I should point out here that enhancements of border security and law
enforcement capabilities aid in responding to many threats and
challenges, including the major problem of trafficking in persons.
This Administration is deeply committed to addressing this human
tragedy. Several European and Eurasian states are "source countries"
for trafficking, and over the past several years we have directed SEED
and FSA resources to confront the problem at every point: in the
communities where former and potential future victims need job
opportunities and other kinds of support; in schools and the media
where public awareness of the problem can be increased; in the legal
system where specific laws and mechanisms are needed; and of course,
at the borders, where the traffickers must be stopped.

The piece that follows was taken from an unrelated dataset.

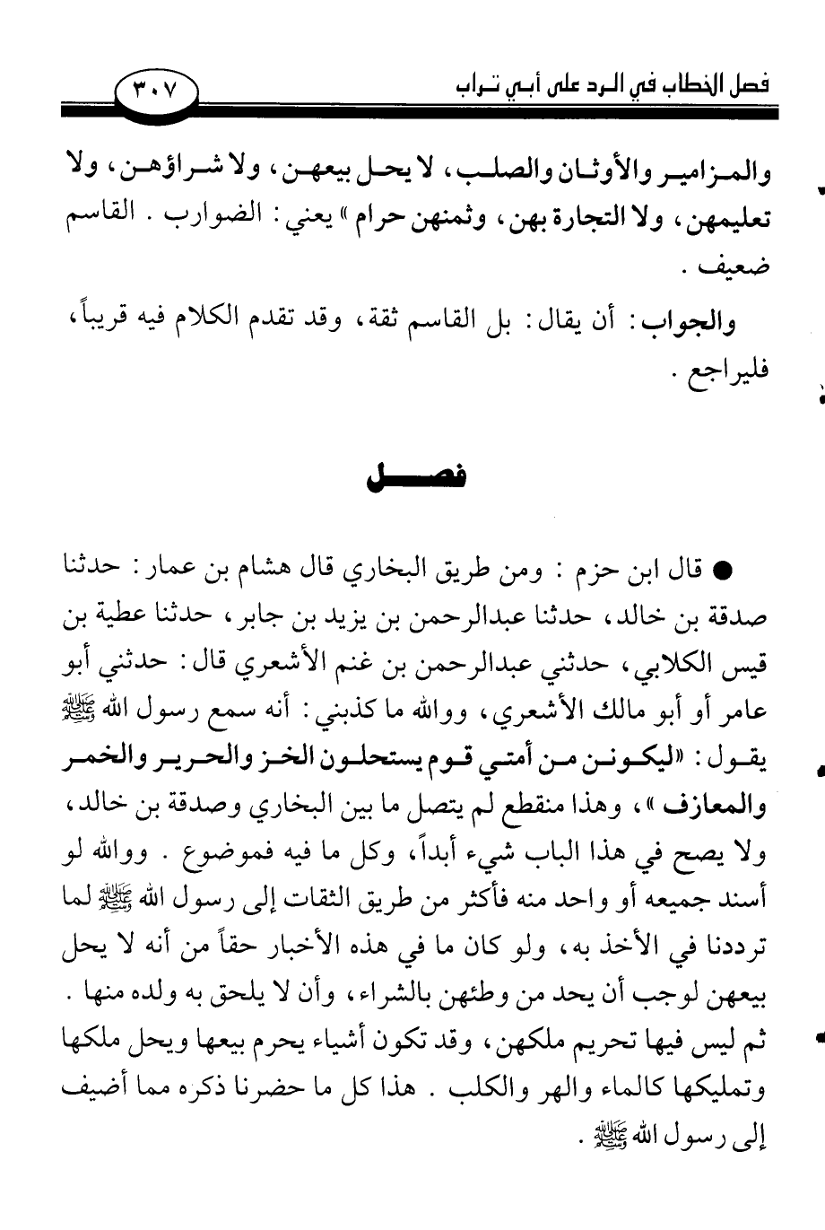 • قال ابن حزم: ومن طريق البخاري قال هشام بن عمار: حدثنا صدقة بن خالد، حدثنا عبد الرحمن بن يزيد بن جابر، حدثنا عطية بن قيس الكلابي، حدثني عبد الرحمن بن غنم الأشعري قال: حدثني أبو عامر أو أبو مالك الأشعري، ووالله ما كذبني: أنه سمع رسول الله صلى الله عليه وسلم يقول: «ليكونن من أمتي قوم يستحلون الخز والحرير والخمر والمعازف»، وهذا منقطع لم يتصل ما بين البخاري وصدقة بن خالد، ولا يصح في هذا الباب شيء أبداً، وكل ما فيه فموضوع. ووالله لو أسند جميعه أو واحد منه فأكثر من طريق الثقات إلى رسول الله صلى الله عليه وسلم لما ترددنا في الأخذ به، ولو كان ما في هذه الأخبار حقاً من أنه لا يحل بيعهن لوجب أن يحد من وطئهن بالشراء، وأن لا يلحق به ولده منها. ثم ليس فيها تحريم ملكهن، وقد تكون أشياء يحرم بيعها ويحل ملكها وتمليكها كالماء والهر والكلب. هذا كل ما حضرنا ذكره مما أضيف إلى رسول الله صلى الله عليه وسلم.

A second major U.S. interest in the region concerns conflict
resolution and prevention. Here is perhaps the clearest example where
our diplomacy and assistance programs need to work hand in glove. From
the Balkans, where U.S. support for training civilian police forces
has been crucial to post-war stabilization, to Central Asia, where we
seek to head off future conflict in the volatile Fergana Valley by
improving infrastructure and creating employment opportunities, we are
devoting substantial assistance resources in this area. While
admittedly foreign aid can never substitute for the genuine desire of
the parties involved to find peaceful solutions to their conflicts, we
can do a great deal to support countries recovering from conflict and
to address the social, economic, and political conditions that sow the
seeds of conflict. Most importantly, we need to stay vigorously
engaged with these countries through our diplomacy and our assistance.
We do not need more Afghanistans.

We also have a strong interest in the successful transition of the
formerly Communist states of the region to democratic political
systems and market-based economies, and their integration into
Euro-Atlantic and international institutions. This is clearly a
long-term process, and progress has been slower and more uneven than
many expected when Congress passed the SEED and FREEDOM Support Acts.

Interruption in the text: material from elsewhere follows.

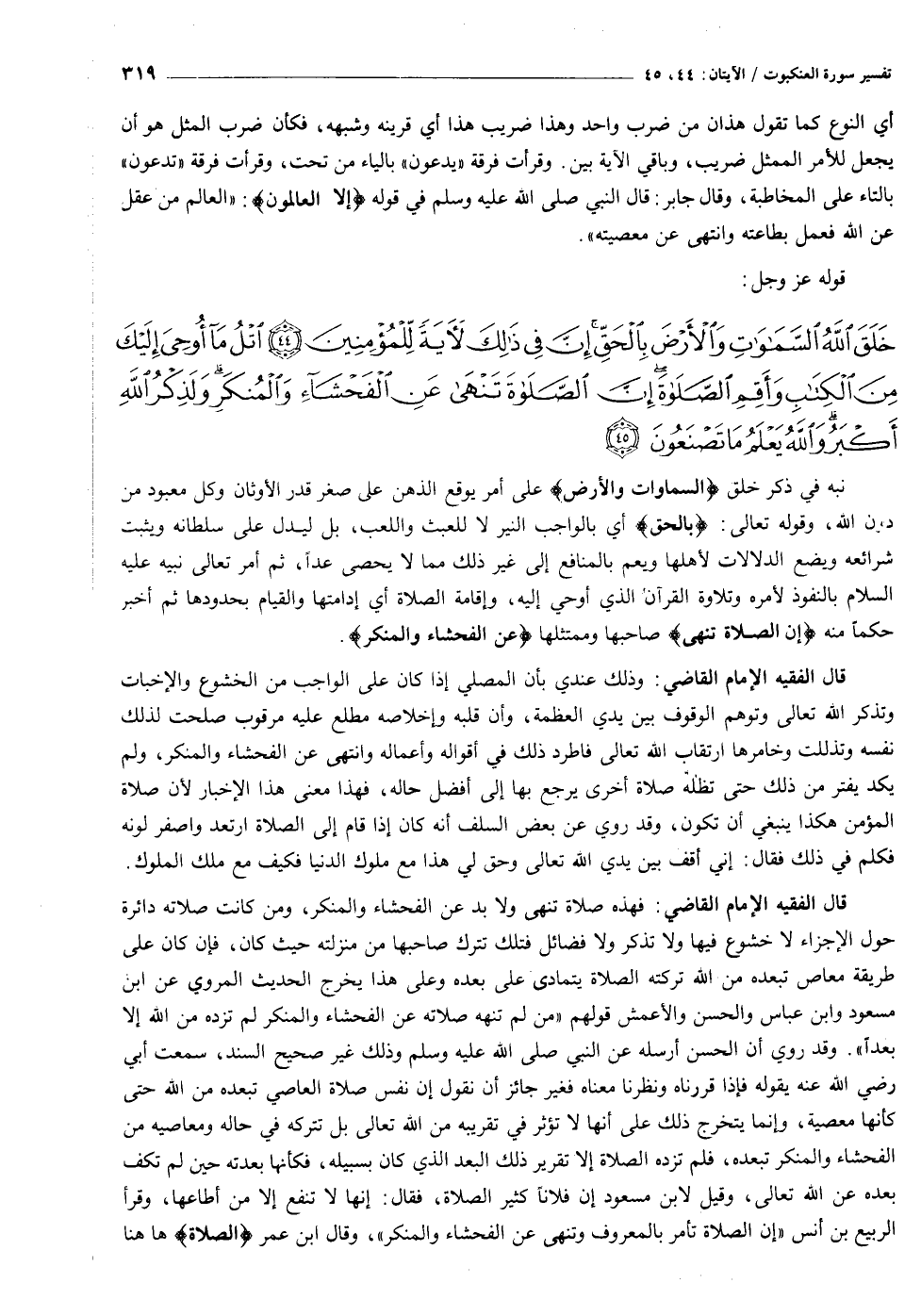 خَلَقَ اللَّهُ السَّماواتِ وَالْأَرْضَ بِالْحَقِّ إِنَّ فِي ذلِكَ لَآيَةً لِلْمُؤْمِنِينَ (٤٤) اتْلُ ما أُوحِيَ إِلَيْكَ مِنَ الْكِتابِ وَأَقِمِ الصَّلاةَ إِنَّ الصَّلاةَ تَنْهى عَنِ الْفَحْشاءِ وَالْمُنْكَرِ وَلَذِكْرُ اللَّهِ أَكْبَرُ وَاللَّهُ يَعْلَمُ ما تَصْنَعُونَ (٤٥)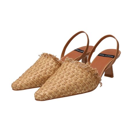アッパーに雑材を使用したポインテッドトウバックバンドパンプスは綺麗目カジュアルやリゾートスタイルにマッチするアイテムです。

The good news is that eight of the 15 countries covered by the SEED
Act have progressed sufficiently in their transitions to "graduate"
from SEED assistance: the Czech Republic, Estonia, Hungary, Latvia,
Lithuania, Poland, Slovakia, and Slovenia. All eight are either NATO
members already or have been invited to join. All are scheduled to
become EU members in 2004. We should all be gratified by their
success, and proud of the continued role played by our assistance and
political support. The Department also intends to graduate Poland,
Hungary and the Czech Republic from our export control and border
security assistance programs in 2004, as these countries have
registered solid progress in these areas.

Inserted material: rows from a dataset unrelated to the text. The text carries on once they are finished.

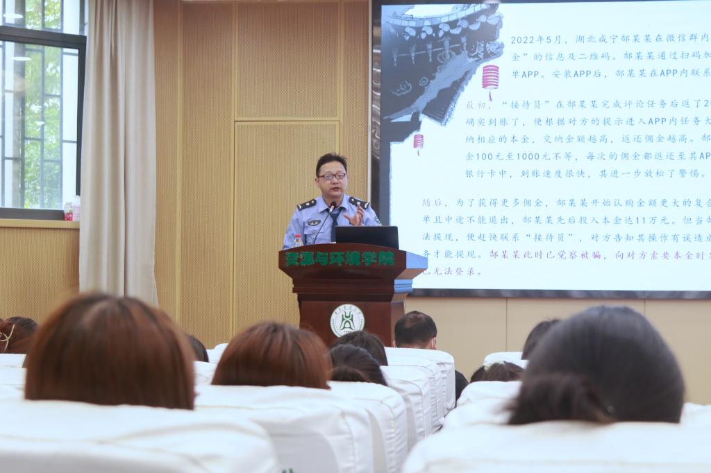 为进一步加强nba88看球 学生各项安全教育工作,切实落实好安全防范教育,预防和减少电信诈骗的发生,nba88看球 于5月11日在西附楼报告厅开展了主要学生骨干及寝室长安全教育培训,南湖派出所民警郭锋、周毅、辅导员艾力·斯迪克、汤春燕参加了本次培训。郭锋警官为大家作防诈骗分享。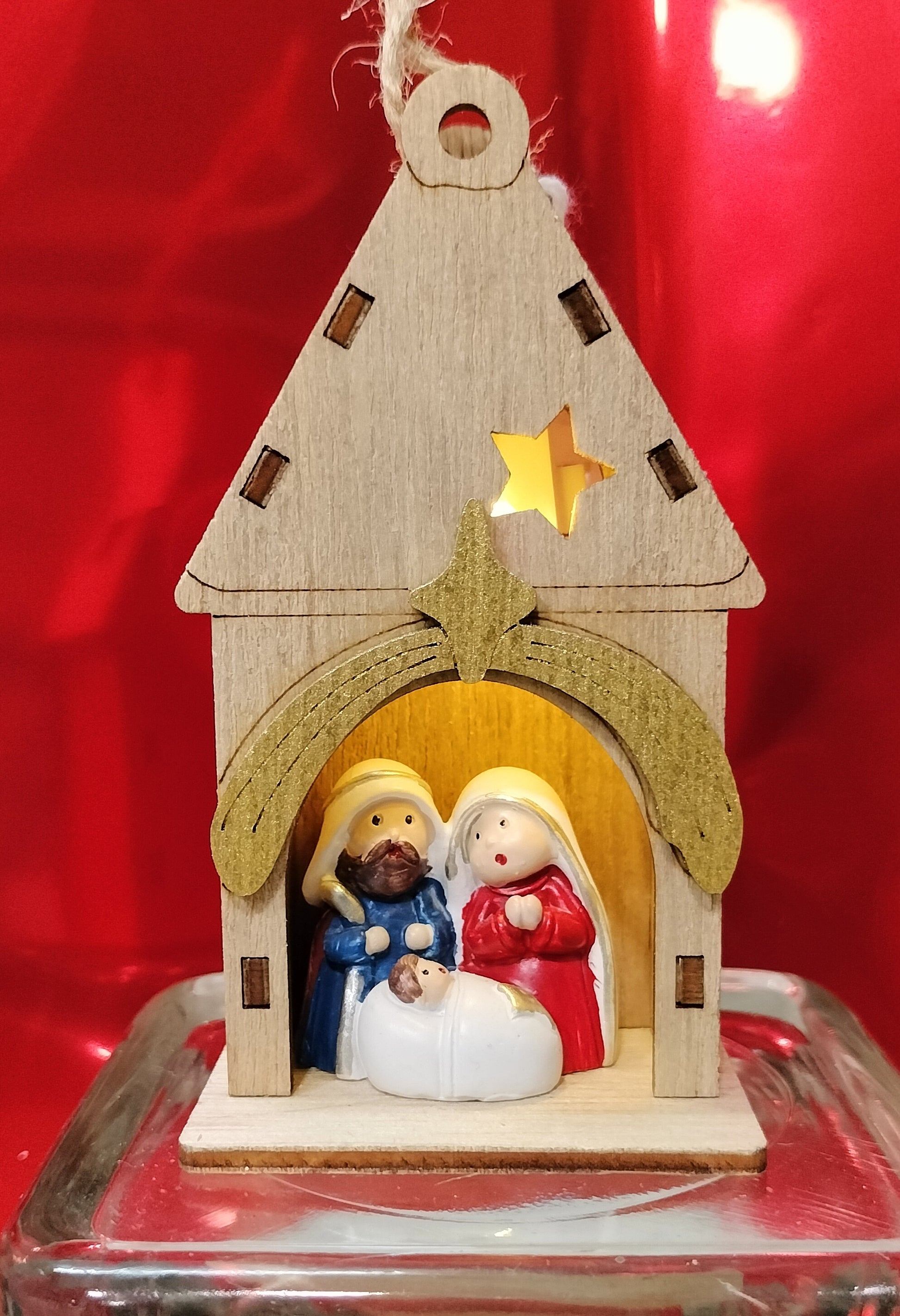 Affascinante presepino in legno tagliato al laser che riproduce una caratteristica chiesetta nordeuropea. Arricchito da una luce LED interna alimentata da batterie a bottoncino, crea un'atmosfera calda e suggestiva. Le proporzioni delicate—10 cm di altezza, 5 cm di larghezza e 4 cm di profondità—lo rendono ideale per scaffali, mensole o come pezzo da collezione. Un'interpretazione sofisticata della tradizione natalizia, dove la precisione artigianale incontra il design contemporaneo.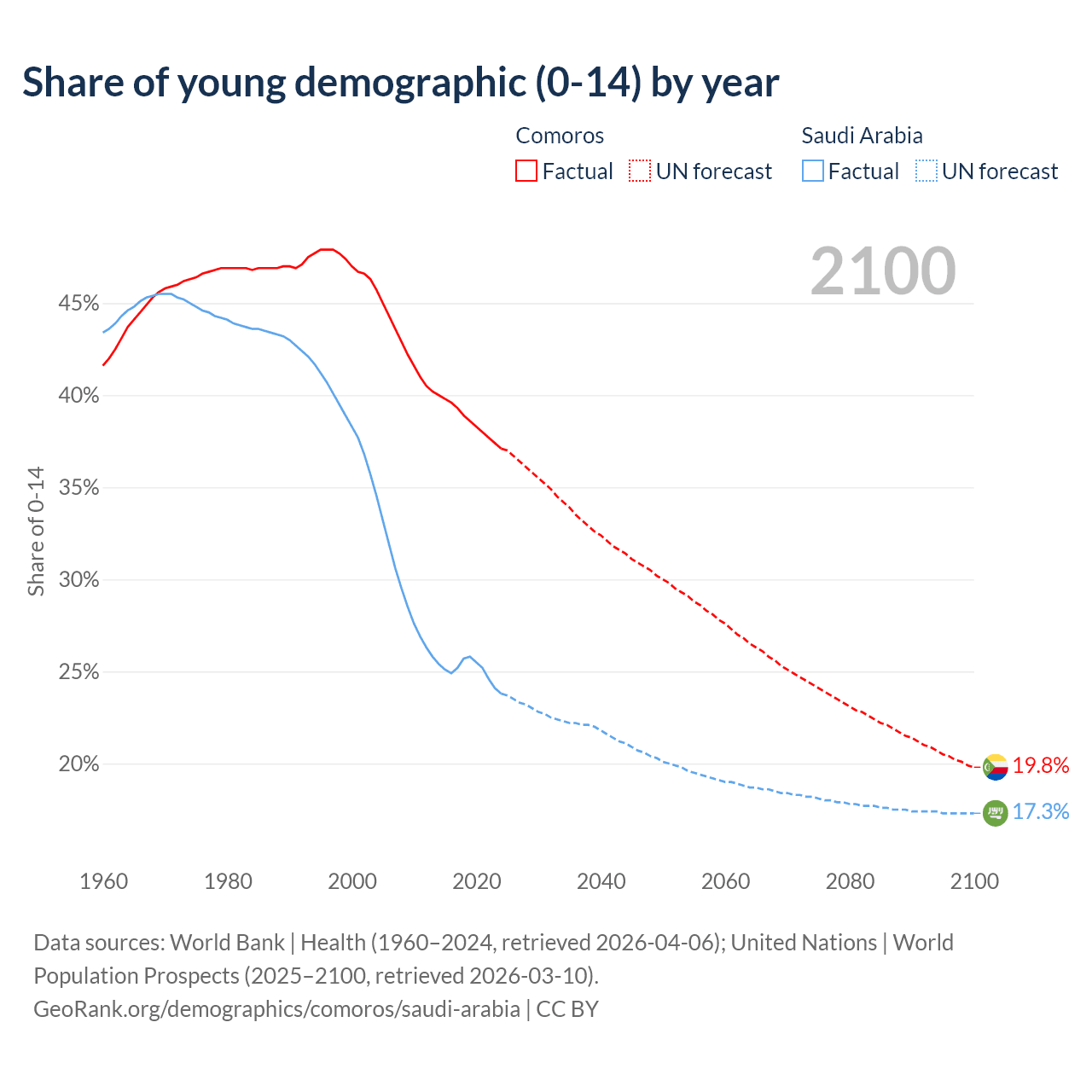 - The share of young demographic (0-15 years old) in Comoros is 37.1% vs 23.8% in Saudi Arabia.

The unfinished news is in Southeastern Europe and the former Soviet
Union. But many - not all - of these countries are on the right track;
our SEED and FSA assistance is having a positive impact. Southeastern
Europe is now experiencing steady progress in efforts to overcome the
destruction and dislocation of the Balkan wars, meet the grave
challenges of crime and poverty, and open the area to business and
investment. In Kosovo, for example, we are particularly proud of
participation by American police officers in the UN Police Force, and
equally proud of our leading role in training up a new multi-ethnic
Kosovo Police Service - including women officers. These efforts have
helped to cut the crime rate in Kosovo in half. In Croatia, in a
recent positive development on court reform, the U.S., the EU and
other donors obtained the government's agreement to implement a
standardized court and case management system that would unblock the
one million case backlog, expediting the long awaited commercial court
due process.

The former Soviet states lag further behind in making the transition.
Across the region, corruption is a drag on reform. Some countries that
made initial progress in both democratic and market change have
backslid on democracy in recent years. Still, there have been notable
achievements over the past ten years, thanks to U.S. assistance. In
Russia, for example, which has probably moved the furthest both
economically and politically, major reforms have been adopted over the
past three years, including a complete overhaul of the Soviet-era
judiciary and criminal justice system, a new simplified and
investor-friendly tax code, and the right to private land ownership.
All were adopted with the help of U.S. technical assistance. Again
with substantial U.S. help, Ukraine has privatized land and given
titles to roughly two million farmers, helping it become a net food
exporter again for the first time in nearly a century.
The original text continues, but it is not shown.